Bemerkenswert: Beamte dürfen mit Dienstausweis auch in der Freizeit trainieren. Für alle, die ihre Schießfertigkeit über die Pflichtübung hinaus halten wollen, ist das der praktischste Teil des Angebots – ohne Umweg über eine Vereinsmitgliedschaft, die sonst über den Freizeitschützen Zerbst e.V. läuft.
Anreise und Umfeld
Der Standort Zerbst/Anhalt liegt direkt zwischen A2 und A9: Magdeburg 30, Wittenberg 40, Halle 55, Leipzig 60, Brandenburg 70, Potsdam 75 und Berlin rund 90 Minuten. Kostenlose Stellflächen gibt es auch für Dienstfahrzeuge und Mannschaftstransporter. Ausrüstung, Reinigungsmittel und Verbrauchsmaterial für die Nachbereitung findet man beim angeschlossenen Fachhändler WaffenPro; wie eine saubere Waffenpflege nach intensivem Training aussieht, zeigt unser Pflege-Ratgeber.
Einordnung
Für Einheiten in Sachsen-Anhalt, Brandenburg, Berlin, Sachsen und Thüringen ist die Kombination aus Vollautomatik-Zulassung, hoher Energiefreigabe und angeschlossener medizinischer Ausbildung ungewöhnlich vollständig. Wer bislang für Dauerfeuer- oder TCCC-Module Fahrten von mehreren Stunden einplanen musste, bekommt hier eine zentral erreichbare Alternative. Anfragen laufen über die Behördenkontakte des Zentrums.
Häufige Fragen
Welche Behörden können in Zerbst trainieren?
Polizei (Bund und Land), Bundeswehr, Zoll, Justizvollzug, kommunale Ordnungs- und Jagdbehörden sowie akkreditierte Sicherheitsdienste nach § 34a GewO und GSU-zertifizierte Werttransportunternehmen. Erforderlich ist ein gültiger Dienstausweis; buchbar sind Einzelplätze wie geschlossene Lehrgänge.

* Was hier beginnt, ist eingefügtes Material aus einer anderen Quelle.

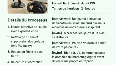 Je vais faire la transcription rapide et soignée de vos audio et vidéo

Ist vollautomatisches Schießen dort wirklich erlaubt?
Ja – die Anlage besitzt eine behördliche Zulassung zum vollautomatischen Schießen. Dauerfeuer mit MP5, MP7, G36 oder HK416 ist damit im behördlichen Rahmen zulässig. Für zivile Sportschützen gilt diese Freigabe ausdrücklich nicht.
Dürfen Beamte auch privat auf der Anlage üben?
Ja. Mit gültigem Dienstausweis ist Training außerhalb des Dienstbetriebs möglich. Das erlaubt kontinuierliche Übung zwischen den dienstlichen Pflichtterminen, ohne dass eine separate Vereinsmitgliedschaft nötig wird.
Was kostet ein TCCC-Lehrgang und wie lange dauert er?
Umfang und Preis richten sich nach Teilnehmerzahl und Modultiefe – von einem Tagesmodul zur Blutstillung bis zum mehrtägigen Lehrgang mit Care Under Fire und Tactical Field Care. Angebote werden individuell auf Anfrage kalkuliert.